A brutal starting schedule could pay off for the Chiefs in the long run

Kansas City doesn't have to look back far to realize that a tough early schedule could pay dividends later. The Chiefs will host AFC powers Baltimore and Cincinnati in the first two weeks of the 2024 season.

By

Sports

May 17, 2024 - 12:16 PM

Ravens quarterback #8 Lamar Jackson has the ball stripped away by Chiefs #90 Charles Omenihu in the AFC championship game. The AFC rivals will play each other in the 2024 season-opener in Kansas City. Photo by Lloyd Fox/Baltimore Sun/TNS

KANSAS CITY, Mo. — The NFL provided a sneak-peek at the Chiefs’ schedule before the arrival of the full entrée later Wednesday, and out of the gate, it’s an AFC championship game rematch.

And then comes a rematch of the two AFC title games before that.

The Baltimore Ravens, the team the Chiefs beat in January to advance to Super Bowl LVIII, are headed to GEHA Field at Arrowhead Stadium for what the NFL dubs its Kickoff Game. The Cincinnati Bengals, who split the previous two AFC championship games with the Chiefs, will arrive in Kansas City 10 days later.

A pretty brutal start for the two-time defending Super Bowl champs, you could say.

But let me add a different adjective to the conversation: Advantageous.

Potentially.

We already knew whom the Chiefs would play in the 2024 regular season, so a schedule release day that the league has turned into Christmas morning is about the order of the gifts — not the gifts themselves.
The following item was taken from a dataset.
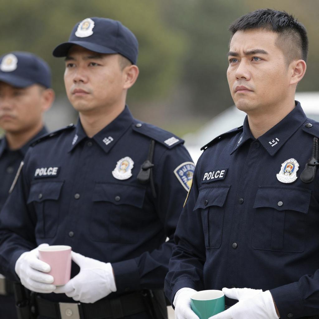 Photograph of two male police officers in dark uniforms, both with serious expressions. Officer on left holds pink mug, wears white gloves. Officer on right holds green and white object, has blue eyes. Background includes blurred greenery and another officer.
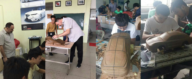 在课堂教学中重抓实践教学,并通过一系列教学措施提高学生实践动手的积极性,鼓励学生相互学习,引导学生拓宽学习渠道,下图吉利汽车设计总监Guy Burgoyne在模型工作室指导学生进行油泥汽车模型制作。

You could, in that case, argue it has limited relevance.

But the Chiefs could benefit from the most difficult of opponents to open their season.

Why? Same way it unfolded a year ago.

It’s not happenstance that the NFL spanned nearly two decades between its last repeat champion (the ‘03-04 Patriots) and its current one, the Chiefs.
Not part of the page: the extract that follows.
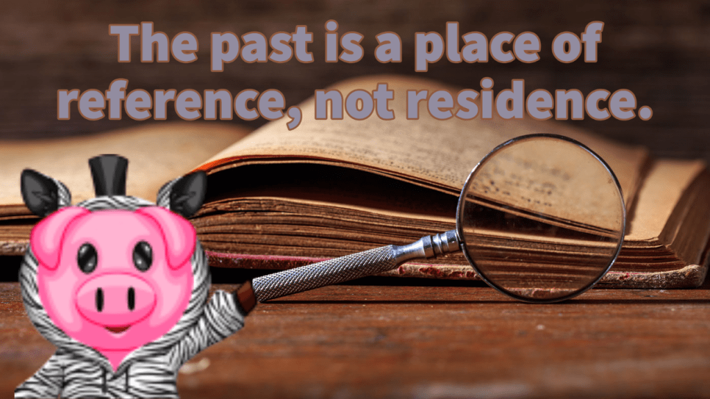 An old book with a magnifying glass that a pig wearing a zebra hoodie is pointing to. Text reads: “the past is a place of reference, not residence.”

Sure, it’s hard to win in the NFL. But it’s not as though we’re asking the same team to win some draft lottery in back-to-back years. These are good teams. The best, theoretically.

So why did it take 19 years before one of the best teams reproduced it all over again the following year?
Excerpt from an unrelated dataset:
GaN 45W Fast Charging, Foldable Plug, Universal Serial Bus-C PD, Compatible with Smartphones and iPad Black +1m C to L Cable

Allow me to offer a theory, a partial even if not complete explanation, that’s applicable to the Chiefs. There are 31 teams that enter an offseason and, in turn, the ensuing regular season, knowing they have to be better than they were the year before. There is one team, by contrast, that knows it was good enough. It’s only natural the latter breeds contentment.

All of three hours into last season, that one team received the lesson that it, too, would need to be better. The Lions beat the Chiefs, 21-20, in the 2023 Kickoff Game, and it wasn’t merely because the Chiefs were missing All-Pro defensive tackle Chris Jones.

The Lions won because they shut down the Chiefs’ offense — with some help from the Chiefs themselves, which is part of the relevance here — not took advantage of an undermanned defense.